My question for the list: Is there something in the query optimiser
that will take a time that is something like exponential on the number
of tables being joined?

And if so, is there any way to get around it (other than using
several smaller selects and combining the data myself or
denormalising my tables)?

Doug.

P.S. I am using version 6.5.1, but I couldn't see anything in the
     HISTORY for 6.5.3 that sounded likely to affect this particular
     issue...

Re: [INTERFACES] Slow join query optimisation?

From

Tom Lane

Date:

27 November 1999, 00:38:41

Douglas Thomson <dougt@mugc.cc.monash.edu.au> writes:
> My question for the list: Is there something in the query optimiser
> that will take a time that is something like exponential on the number
> of tables being joined?

Yes.  See the manual's discussion of genetic query optimization.  You
might try setting the GEQO threshold to something less than 10.

FWIW, the time you are looking at here is strictly planning time and
will not increase when you actually put data in the tables.  Unless
you foresee fairly small final tables, the planning time is not likely
to be a significant factor in this range of query sizes.

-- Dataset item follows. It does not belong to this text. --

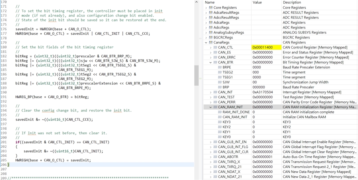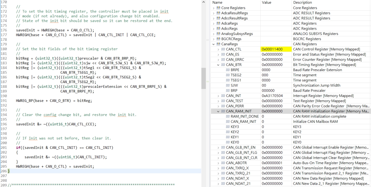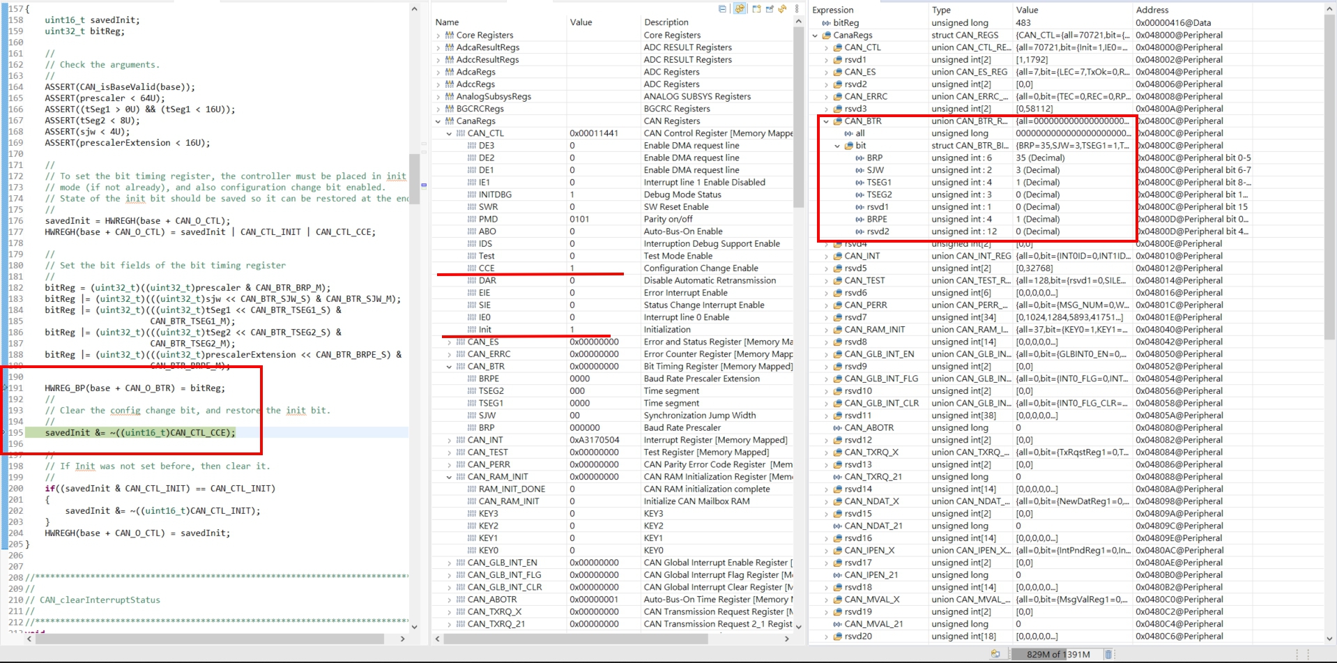 我在設定 CAN_BTR 發現沒有寫入 register ,之後是發現說 // If Init was not set before, then clear it. ,所以是沒有Init 成功。

Still, if the purpose of the join is just to substitute descriptions
for IDs, you'd be well advised to consider doing it via table lookup
on the frontend side, assuming your frontend is coded in a language
that makes that reasonable to do.  The Postgres optimizer cannot
help but waste many cycles per query reverse-engineering your intent,
even assuming that it ultimately comes up with the best possible
query plan for the join...
        regards, tom lane

Re: [INTERFACES] Slow join query optimisation?

From

Douglas Thomson

Date:

01 December 1999, 22:28:57

> Douglas Thomson <dougt@mugc.cc.monash.edu.au> writes:
> > My question for the list: Is there something in the query optimiser
> > that will take a time that is something like exponential on the number
> > of tables being joined?
>
> Yes.  See the manual's discussion of genetic query optimization.  You
> might try setting the GEQO threshold to something less than 10.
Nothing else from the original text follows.